Librairie de Tarride (p. 127-140).



CHAPITRE XIX.


Le cheval accroché au passage par Volmerange était de noble race et léger comme le vent ; en quelques minutes, il emporta son cavalier hors du centre de la bataille, ou plutôt de la boucherie, car ce n’était plus qu’un massacre confus d’éléphants, de chevaux et d’hommes. La déroute était complète.

Pendant quelque temps, Volmerange entendit hurler les éléphants dans le lointain, et vit sur le terrain rougi par les reflets du bois incendié galoper devant lui l’ombre de son cheval comme un monstre fantasmagorique qu’il aurait poursuivi ; le cheval lui-même s’irritait de cette ombre difforme, s’élançait avec fureur et penchait la tête pour la saisir aux dents.

Peu à peu les fuyards qui, dans les premiers élans de la course de Volmerange galopaient à ses côtés, étaient restés en arrière : le cri des éléphants ne se faisait plus entendre, et la nuit avait repris sa couleur bleuâtre. Volmerange courait toujours à fond de train le long du Godaveri. Son cheval, avec un instinct merveilleux, évitait les fondrières, sautait par-dessus les troncs d’arbres renversés, devinait les terrains peu solides et cela sans ralentir aucunement sa rapidité.

Après avoir mis cinq ou six lieues entre le champ de bataille et lui, Volmerange diminua le train de sa monture, et guidé par une lumière qui brillait au bord du fleuve, il arriva à la cabane d’un pêcheur occupé à raccommoder ses filets, et qui se prosterna devant lui après l’avoir aidé à descendre de cheval.

Un banc recouvert de saptaparna s’adossait à la hutte : le comte s’y assit, et s’adressant au pêcheur en idiome indostani, il lui demanda s’il ne pourrait lui donner d’autres vêtements et lui procurer une barque pour descendre le fleuve.

— Je le puis, répondit le pêcheur, qui avait reconnu sa qualité à ses insignes ; mais votre seigneurie ne voudra peut-être pas revêtir l’humble habit d’un pauvre Indien de la dernière caste, d’un misérable soudra qui n’est pas digne de balayer avec son front la poussière de votre chemin.

— Plus l’habit sera misérable, plus il me convient, dit Volmerange en rentrant dans la cabane.

Aidé par le pêcheur, il se débarrassa de son costume guerrier et revêtit le modeste sayon, sous lequel il eût été difficile de reconnaître le brillant chef de l’insurrection.

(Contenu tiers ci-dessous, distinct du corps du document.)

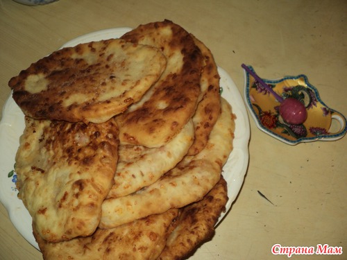 3. Полученное тесто разделить на колобки, раскатать небольшую лепешку (можно пожарить так), положить начинку (у меня - ветчина). Можно положить сыр другого вида, тоже очень вкусно. Тут ваша фантазия! Соединить края и немного раскатать.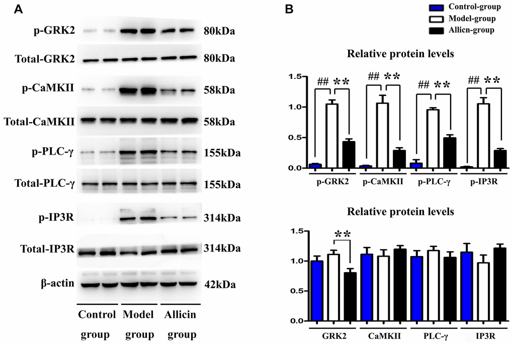 Allicin repressed the expression of p-GRK2, p-CaMKII, p-PLC-γ, and p-IP3R during MI/R injury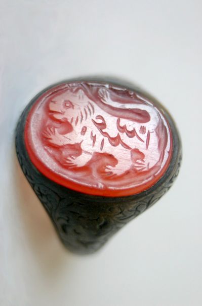 Carnelian cameo engraved. A name engraved in the relief-carved image of a lion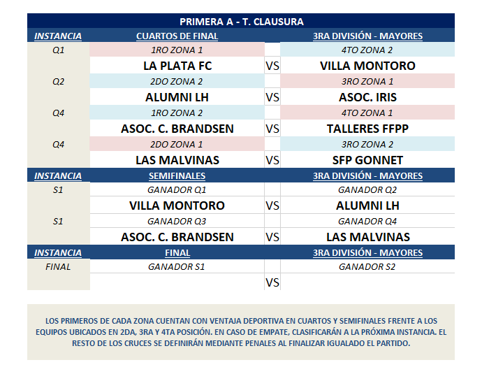 PRIMERA A – 3RA DIVISIÓN – CUADRO FINALES T. CLAUSURA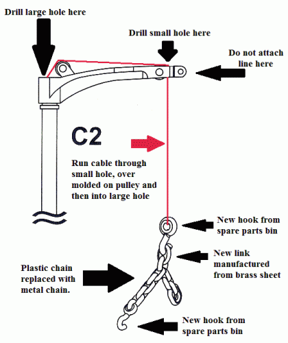 end of the crane's arm, as shown in the instructions, but instead passes through a hole in the arm just in front of another pulley. I did not use the thread provided for the hoist. I've always found thread to be too furry for use as cable. Instead I used some braided fishing line.

Le pêcheur, par surcroît de prudence, lui conseilla de se brunir la figure et les mains avec du jus de coloquinte, car son teint un peu blanc aurait pu le trahir.

Ces précautions prises, le pêcheur détacha sa barque, et le cheval qui s’était avancé jusqu’au bord de l’eau, voyant qu’on n’avait plus besoin de lui, s’élança après avoir humé l’air bruyamment, du côté de la colline où se trouvait sans doute son pâturage.

Nous ne suivrons pas jour par jour Volmerange dans sa navigation, qui fut longue ; bornons-nous à dire qu’il regagna heureusement la côte, et après avoir récompensé le pêcheur avec une des pierres précieuses qui ornaient la poignée de son sabre, il monta sur un vaisseau français qui naviguait dans le golfe du Bengale et s’était arrêté à l’embouchure du fleuve pour faire de l’eau.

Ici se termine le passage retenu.